# Data excerpts
'''
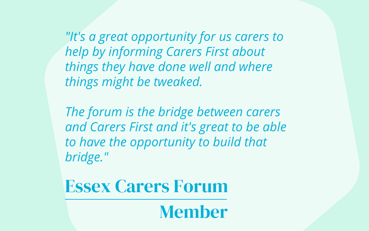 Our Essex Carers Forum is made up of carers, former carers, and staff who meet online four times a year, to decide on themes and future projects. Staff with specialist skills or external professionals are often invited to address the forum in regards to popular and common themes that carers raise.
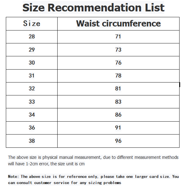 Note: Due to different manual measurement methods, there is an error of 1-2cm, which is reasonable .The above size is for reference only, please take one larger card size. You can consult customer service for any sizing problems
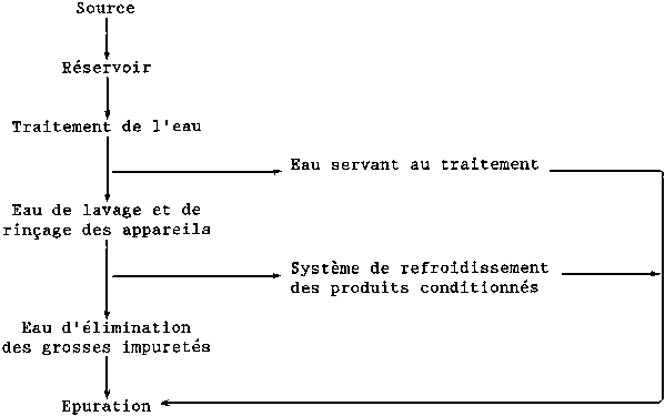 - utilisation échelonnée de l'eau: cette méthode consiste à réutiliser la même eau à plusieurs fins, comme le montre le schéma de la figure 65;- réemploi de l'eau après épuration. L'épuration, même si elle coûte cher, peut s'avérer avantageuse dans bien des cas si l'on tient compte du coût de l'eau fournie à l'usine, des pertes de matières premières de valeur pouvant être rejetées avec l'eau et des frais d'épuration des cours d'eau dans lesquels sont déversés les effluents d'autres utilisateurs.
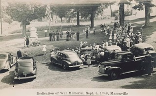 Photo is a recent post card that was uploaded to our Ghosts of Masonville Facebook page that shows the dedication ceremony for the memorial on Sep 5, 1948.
'''
'''
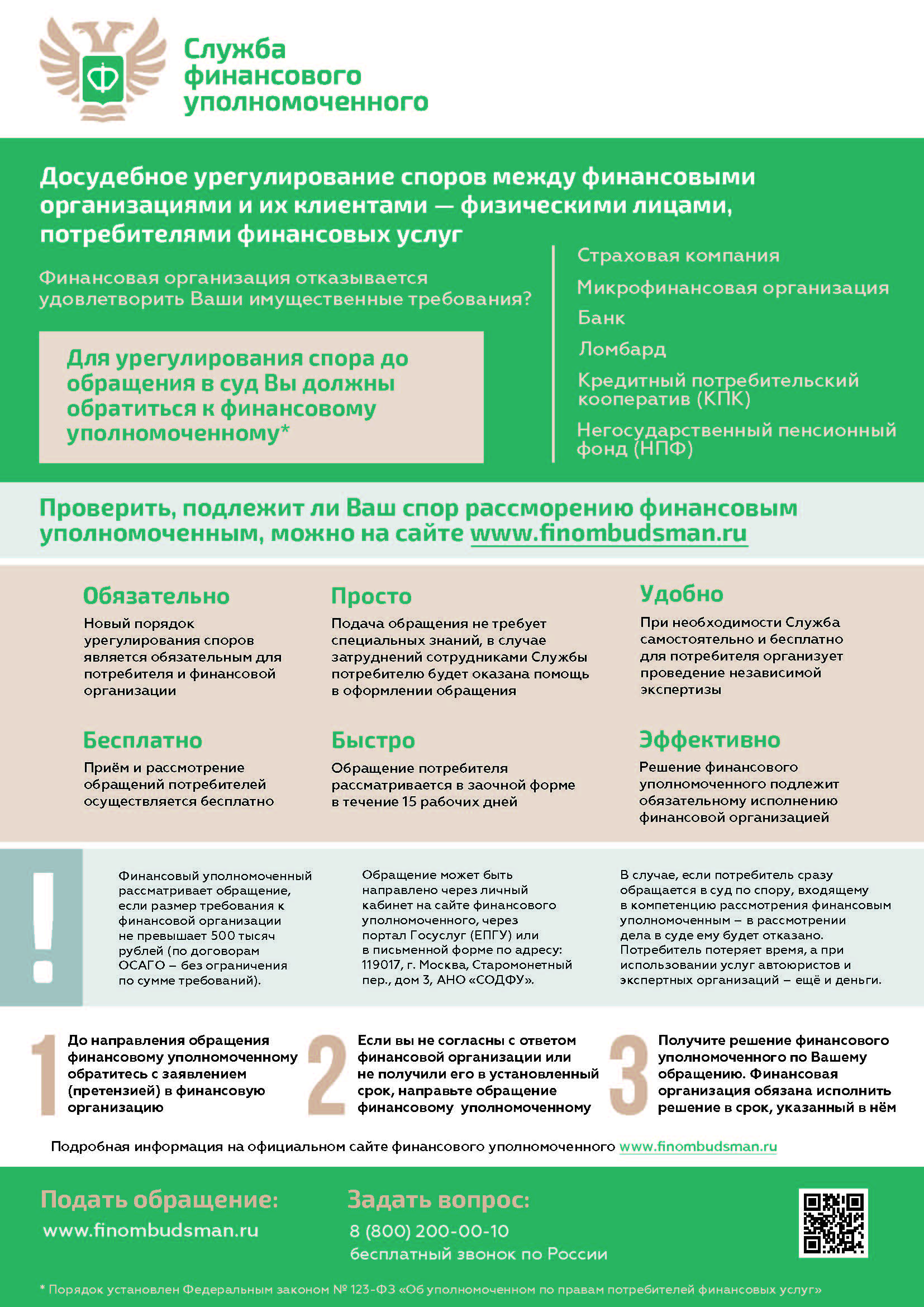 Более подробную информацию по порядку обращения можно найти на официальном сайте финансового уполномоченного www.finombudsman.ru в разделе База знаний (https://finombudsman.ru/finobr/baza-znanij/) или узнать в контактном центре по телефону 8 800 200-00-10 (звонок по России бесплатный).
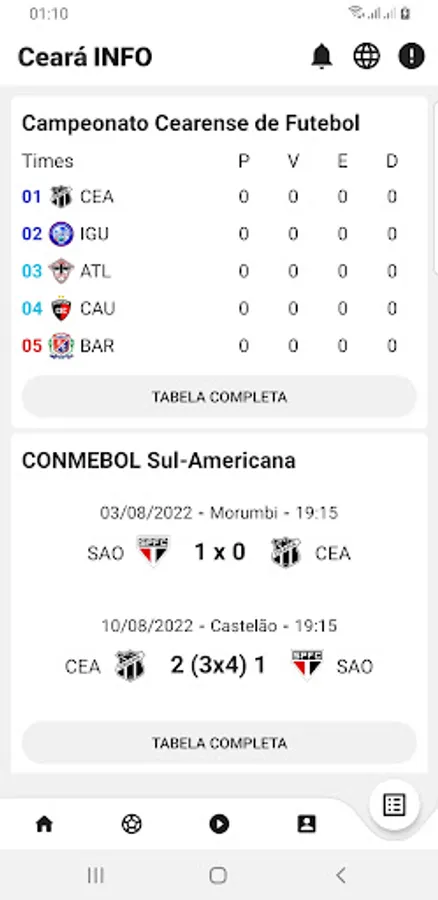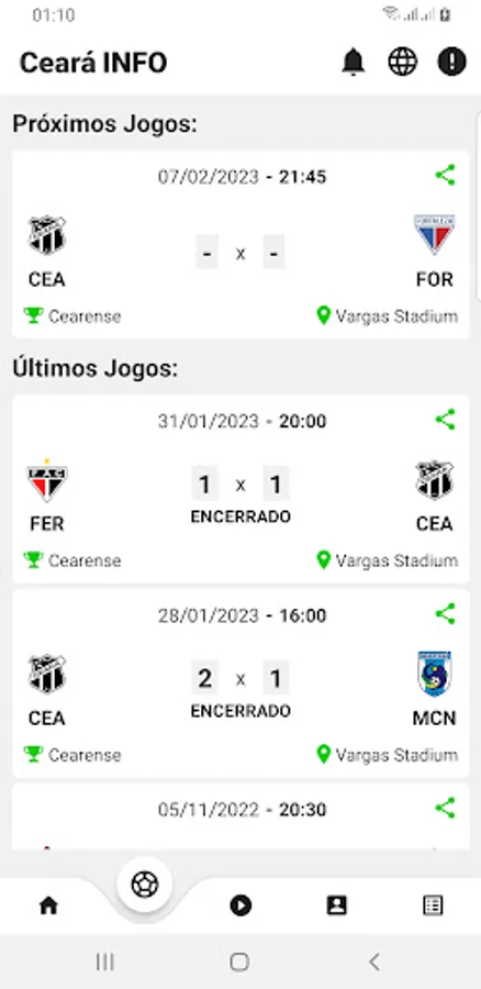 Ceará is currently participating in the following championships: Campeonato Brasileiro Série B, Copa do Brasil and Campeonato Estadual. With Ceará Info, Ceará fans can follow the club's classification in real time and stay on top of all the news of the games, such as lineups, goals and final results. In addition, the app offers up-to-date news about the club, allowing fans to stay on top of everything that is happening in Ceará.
'''
# About this task
The data above holds the lines to copy: start at the one with "Note: Due to", stop at the one with "Photo is a recent", include both, copy them exactly without pictures, and copy nothing else.

# Task solution
 Note: Due to different manual measurement methods, there is an error of 1-2cm, which is reasonable .The above size is for reference only, please take one larger card size. You can consult customer service for any sizing problems
 - utilisation échelonnée de l'eau: cette méthode consiste à réutiliser la même eau à plusieurs fins, comme le montre le schéma de la figure 65;- réemploi de l'eau après épuration. L'épuration, même si elle coûte cher, peut s'avérer avantageuse dans bien des cas si l'on tient compte du coût de l'eau fournie à l'usine, des pertes de matières premières de valeur pouvant être rejetées avec l'eau et des frais d'épuration des cours d'eau dans lesquels sont déversés les effluents d'autres utilisateurs.
 Photo is a recent post card that was uploaded to our Ghosts of Masonville Facebook page that shows the dedication ceremony for the memorial on Sep 5, 1948.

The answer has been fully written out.